【シンガポール=吉村英輝】フィリピンのドゥテルテ大統領は、昨年6月の大統領就任後、同盟国の米国から距離を置く一方、南シナ海問題の「棚上げ」に応じる“見返り”に中国から巨額の経済支援を得るなど、外交巧者ぶりをみせてきた。だが、おひざ元の南部ミンダナオ島でイスラム過激派との紛争が発生。主要政策に掲げた「麻薬戦争」も行き詰まり、路線転換を強いられている。

 ドゥテルテ氏は訪日に先立つ29日夜、来月中旬に東南アジア諸国連合(ASEAN)関連首脳会議が開かれるフィリピンを訪問するトランプ米大統領について「(自分と)同じ調子でしゃべる」と東西の“暴言王”を自認しつつ、「重要な指導者として迎える」と初会談に意欲を示した。オバマ前大統領を罵倒した態度を修正しつつあるかに見える。

 ミンダナオ島マラウイの過激派掃討作戦では、同島で長年、協力関係を構築してきた米軍が実力を発揮。無人機の偵察などによる情報に基づき、慣れない市街戦に勝利した。

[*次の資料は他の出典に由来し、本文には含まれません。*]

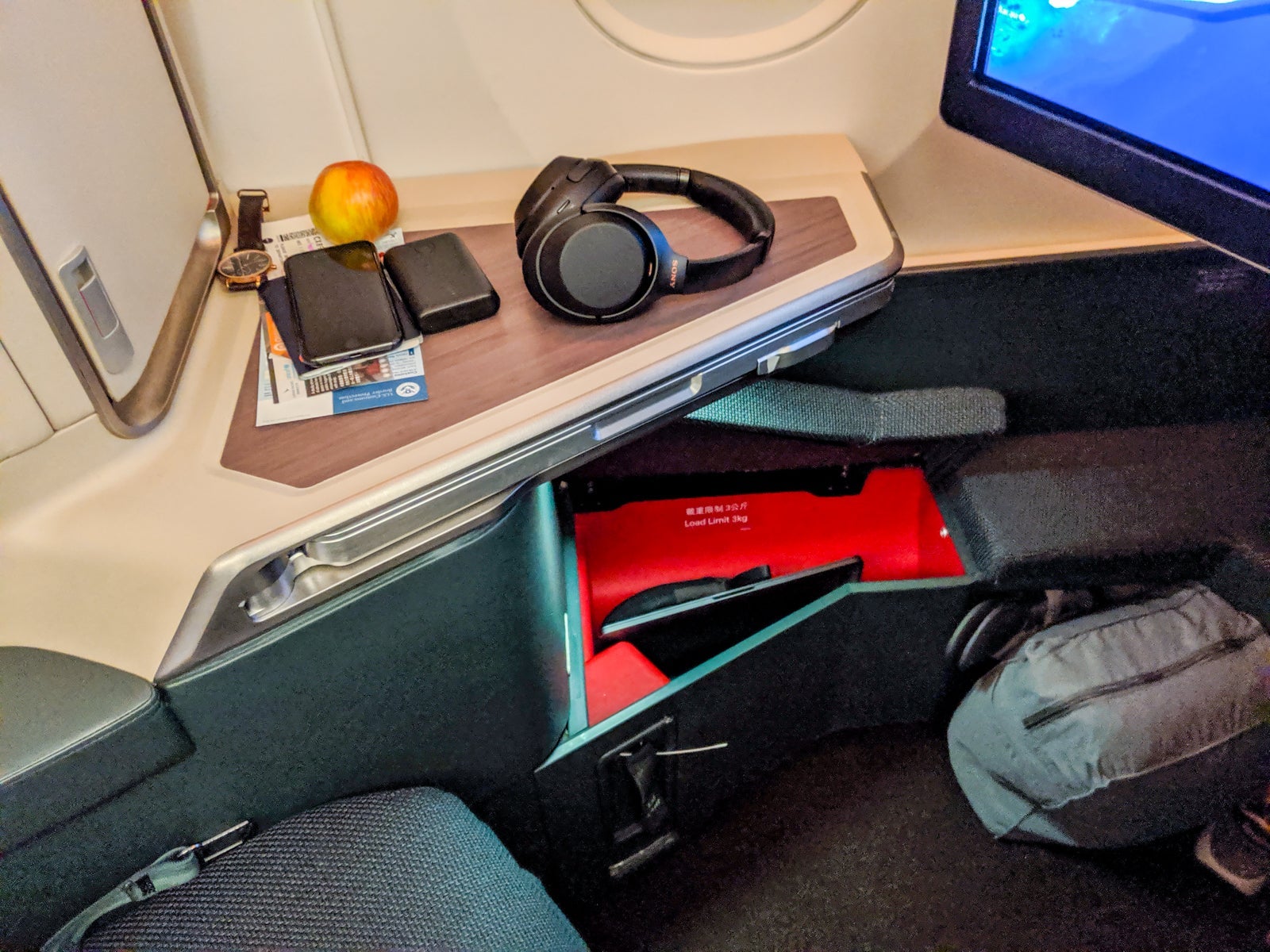 The window side of the seat featured a faux-wood side table. It was smaller than some competitors, but the compartment under my legs made up for it and proved particularly helpful to store the bulkier stuff that usually doesn't fit anywhere, like a 13-inch MacBook, a headphone case, clothes, etc. Plus, with so few people per overhead bin and a 1-2-1 configuration, accessing the large overhead bin for other items was easy. Shoes could be stored under the footrest, as well, providing even more storage space.

 ただ、トランプ氏は、来月14日予定の東アジア首脳会議(EAS)は「日程の都合」で欠席する見通しだ。フィリピンを含めた対アジア政策は見通せない。

 一方、中国側では、南シナ海問題などで日本の立場も支持するドゥテルテ氏に懐疑的な見方が強まり、「二枚舌でまた金をだまし取られる」(中国メディア)との警戒論も出ている。

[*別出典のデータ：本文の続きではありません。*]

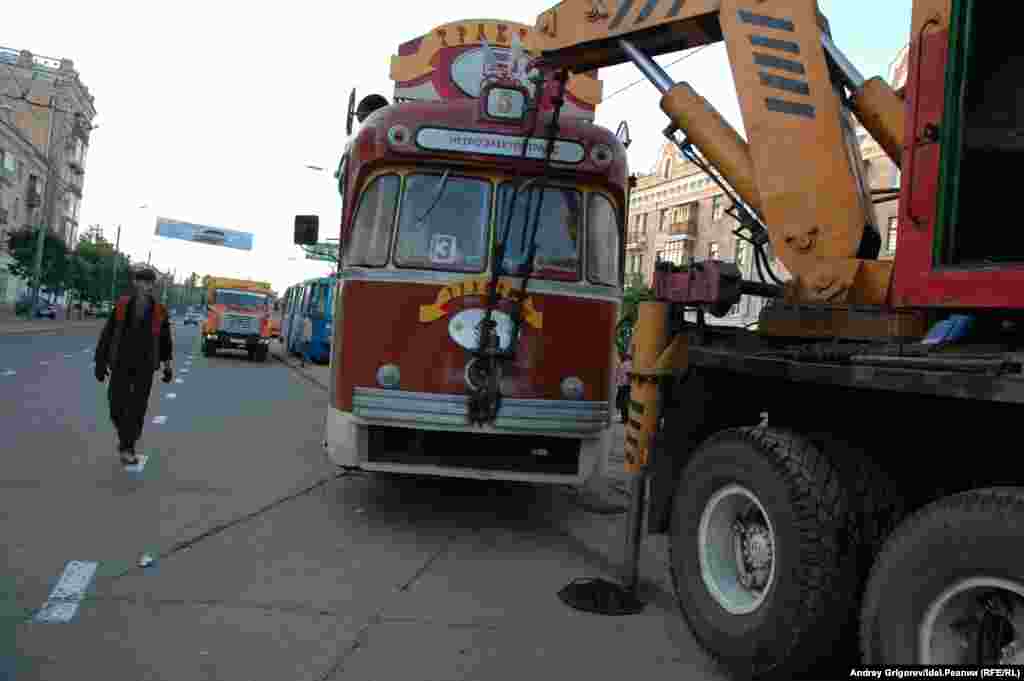Трамвай-трактир "Пятёрочка" сошёл с рельс и перекрыл проезжую часть на улице Декабристов у остановки Гагарина. Июнь 2007 года.
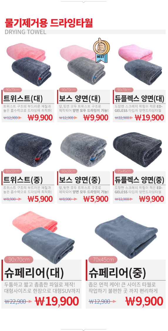 세차가 끝난 후 차량을 닦을 때 사용하는 드라잉 타월입니다.

 国内では「庶民派」として慕われるドゥテルテ氏だが、7〜9月期の支持率調査では、「満足」が67%と前回調査から11ポイント低下。看板政策の「麻薬戦争」の超法規的殺人に未成年者が巻き込まれる事態に不満が向かい、作戦から警察を外す方針転換に迫られた。

 掃討作戦で壊滅状態となったマラウイでは、一部で住民の帰還が始まった。復興の成否は政権への信任に直結し、「比全体に深刻な影響を与える」(ドゥテルテ氏)が、費用は巨額。米中の支援が不透明な中、最大の援助国で輸出先や対内直接投資でも1位の日本への期待が高まっている。